# An opinionated guide to ML
> "It is important to view knowledge as sort of a semantic tree — make sure you understand the fundamental principles, i.e. the trunk and big branches, before you get into the leaves or there is nothing for them to hang on to." - Elon Musk
### Simple > accurate
Many people overestimate the importance of learning what's correct and accurate, when it's often better to learn something slightly wrong but simple to understand. Imagine teaching a kid that gravity at the poles is stronger than at the equator due to mass distribution and rotation, before teaching them about the effect of mass on gravity. That's how most technical guides to machine learning (ML) often feel like: overly detailed info-dumps that are unhelpful in forming intuitions on how things work.

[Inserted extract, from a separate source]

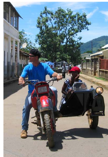
...Seitewagen im Land
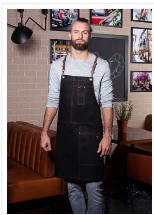
LS 25 Bib Apron Urban X-Style

This guide does the exact opposite. Wherever possible, I have deliberately chosen to oversimplify so as to help you reach an intuitive understanding.
### The relevant parts are not deep, because they are quite new
> Researchers hate this one weird trick!
If you pick up any old ML textbook you'll probably find stuff on LSTMs, RNNs, and whatnot. Next time, flip the book over and check if it's published before 2017. If it was, you can throw it away. That's because...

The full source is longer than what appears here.